In the Matter of the Arbitration
of a Dispute Between
CITY OF LAKE MILLS
JEFFERSON COUNTY EMPLOYEES,
LOCAL 655-C, AFSCME, AFL-CIO
Mr. Michael Lewis, City Manager, on behalf of the Employer.
Mr. Thomas Larsen, Staff Representative, Wisconsin Council 40, AFSCME,
AFL-CIO, on behalf of the Union.
The above-entitled parties, herein the Employer and Union, are privy to a collective bargaining agreement providing for final and binding arbitration. Pursuant thereto, I heard this matter on July 10, 1990, in Lake Mills, Wisconsin. The hearing was not transcribed and neither party filed a brief.
Based upon the entire record, I issue the following Award.
The parties have agreed to the following issue: (1)
Was grievant Robert Scherr entitled to out-of-classification pay for work he performed on February 24 and 25, 1990, (2) and if so, what is the appropriate remedy?
The Employer for a number of years has always paid out-of-classification pay to its wastewater treatment plant employes whenever they worked on a weekend when the foreman was not present, a situation which occurred about 3-4 times a year.
On Saturday, February 24, and Sunday, February 25, Scherr filled in for the foreman. The Employer refused to give him out-of-classification pay on the ground that the parties had just agreed in their recently concluded 1990 collective bargaining negotiations that the higher rate would only be paid if employes were called in for emergency work.
In response, the Union asserts that while it tentatively agreed to such a proposal in negotiations at the January 8 collective bargaining session, it did so in the context of an overall package which the Employer rejected at that time and that, as a result, it no longer is bound to any such understanding. It thus points out that the parties subsequently met and signed off to a January 18 settlement agreement which was totally silent on this issue and which expressly provided: "6. All other proposals are to be dropped by both parties." That is why, the Union says, it never even brought back this particular item to the Union membership when it voted upon whether to ratify the contract.
The Employer counters by saying that this understanding was a "side" arrangement, one which was agreed to independently of the other contract negotiations and that it would be unfair to now allow the Union to renege on this understanding because it was never codified in writing.
Normally, the Union would prevail in circumstances where, as here, the final January 16 settlement agreement which was initiated by both parties fails to include any language whatsoever on the out-of-classification pay issue and when the contract itself is silent on the issue. For since that agreement by its own terms encompassed the total bargain mutually agreed to between the parties, there ordinarily would be no basis for holding that the out-of-classification issue was also part of that bargain.

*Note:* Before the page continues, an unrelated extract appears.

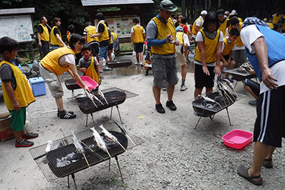 自分で捕ったヤマメは、自分たちでさばいて塩焼きにしていただきました!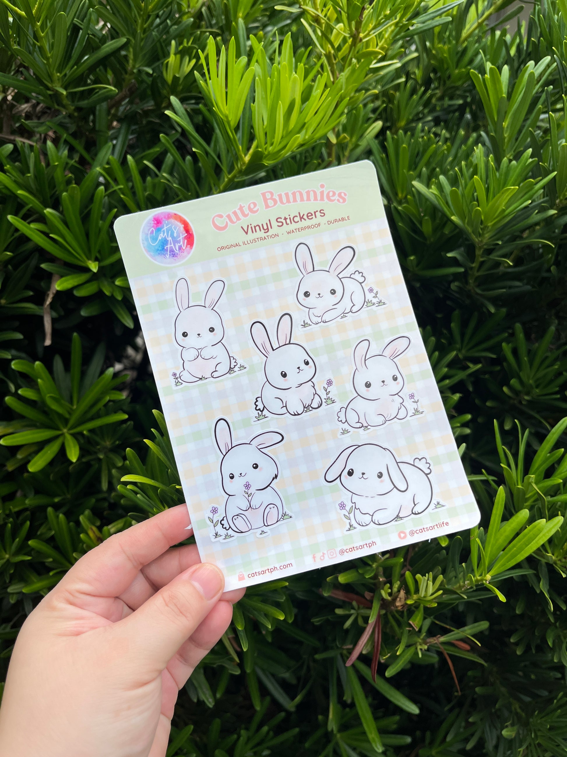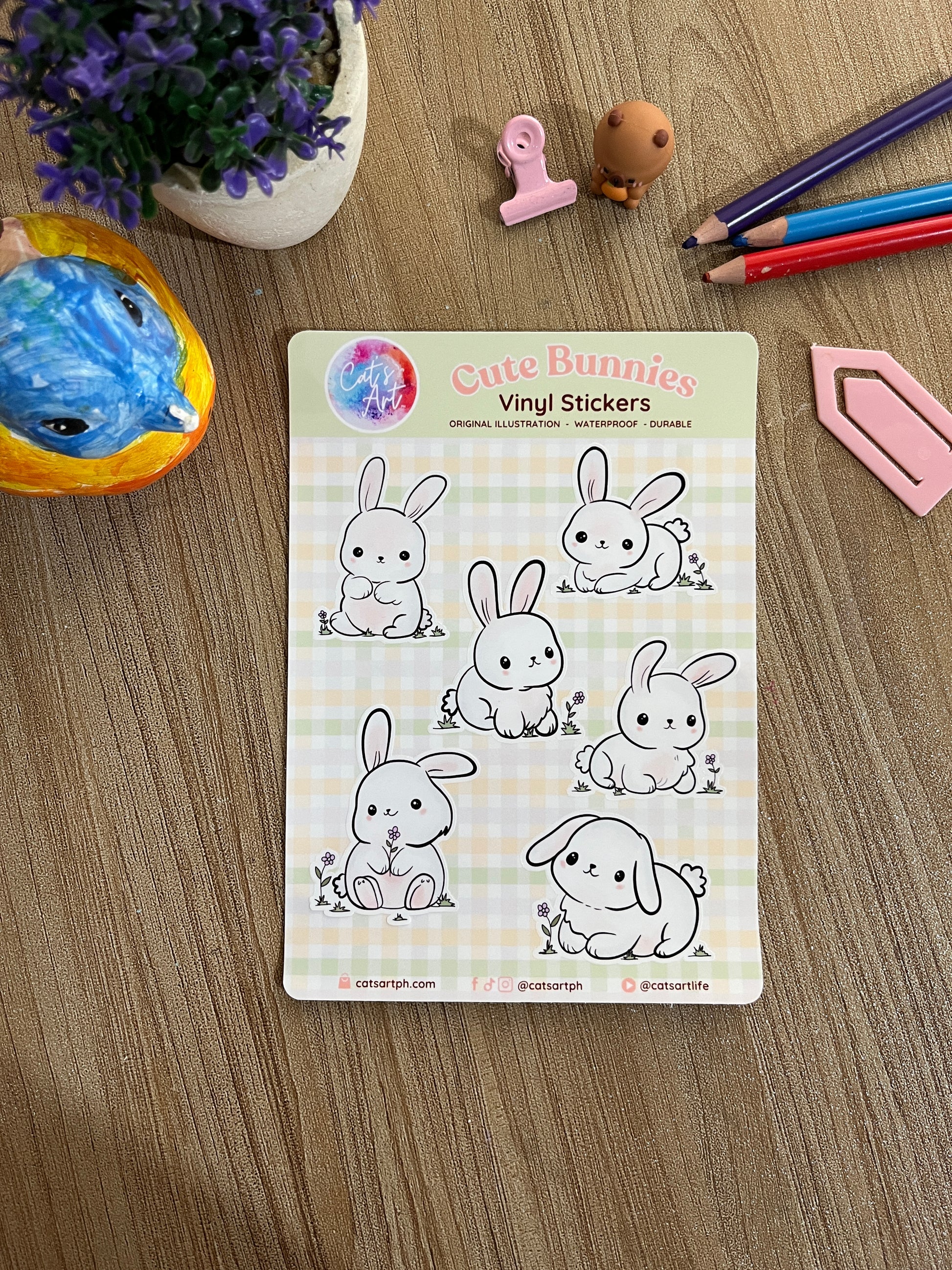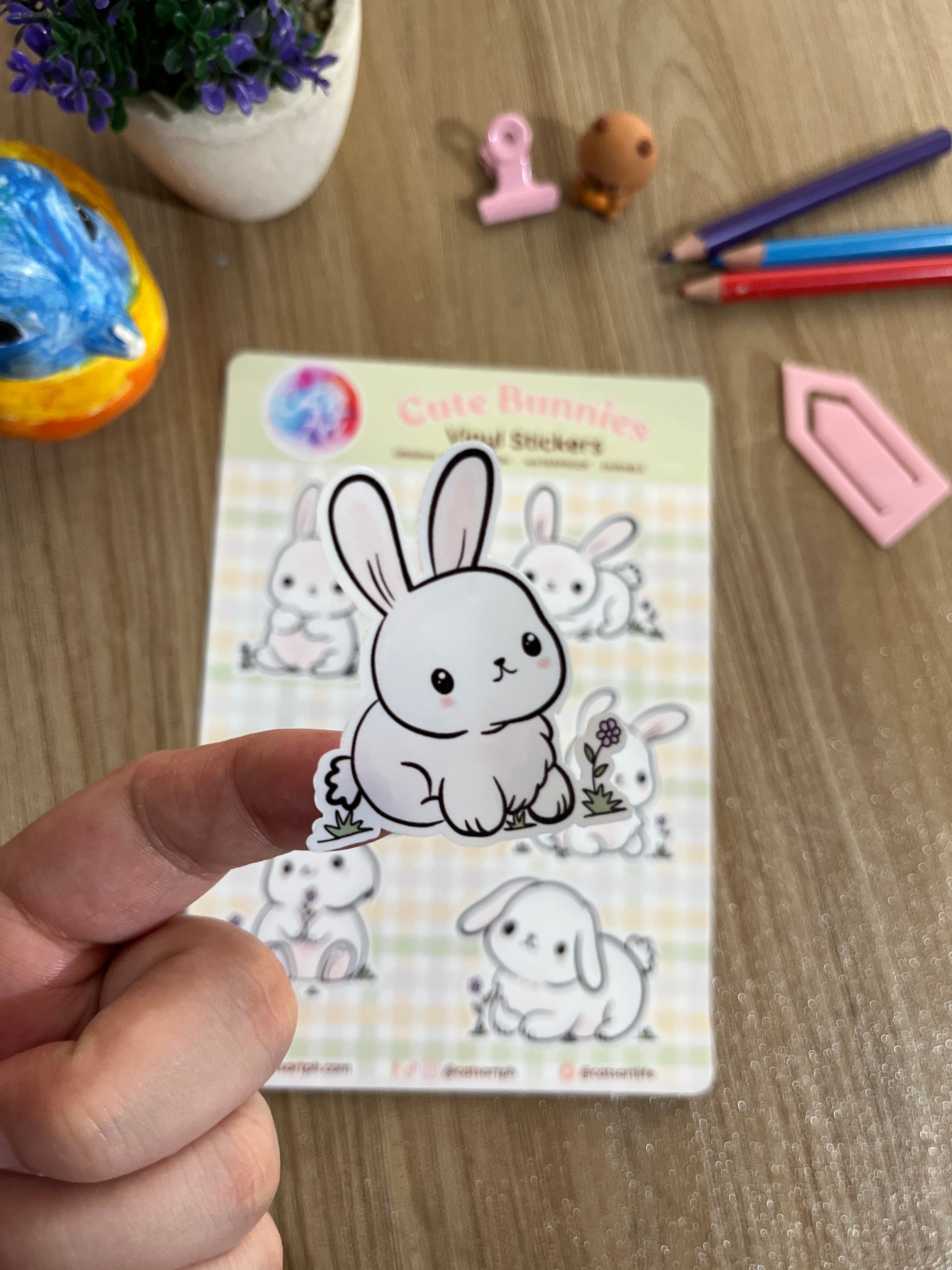 Cute Bunnies Vinyl Sticker Sheet – Glossy, Matte & Glitter Options | 18 Kiss-Cut Stickers

But here, we have one very important fact which must be considered - i.e. the testimony here of then acting Union president Wayne Hoffman who testified that the parties did reach a mutual agreement that out-of-classification pay would only be paid in emergency situations. Hoffman added that he specifically reported back to the membership and told them about the City's proposal to limit out-of-classification pay, and that the members "understood what was going on."
Given this admission, there is no question but that a mutual agreement was reached on this issue outside the context of the rest of the negotiations then taking place. That, apparently, was why it was not subsequently codified in the contract. As a result, it would be inequitable to now force the Employer to pay the out-of-classification pay in issue when the parties have agreed that it should not be paid.
Hence, it is my
That grievant Robert Scherr was not entitled to out-of-classification pay for work he performed on February 24 and 25, 1990; the grievance therefore is denied.
Dated at Madison, Wisconsin this 24th day of August, 1990.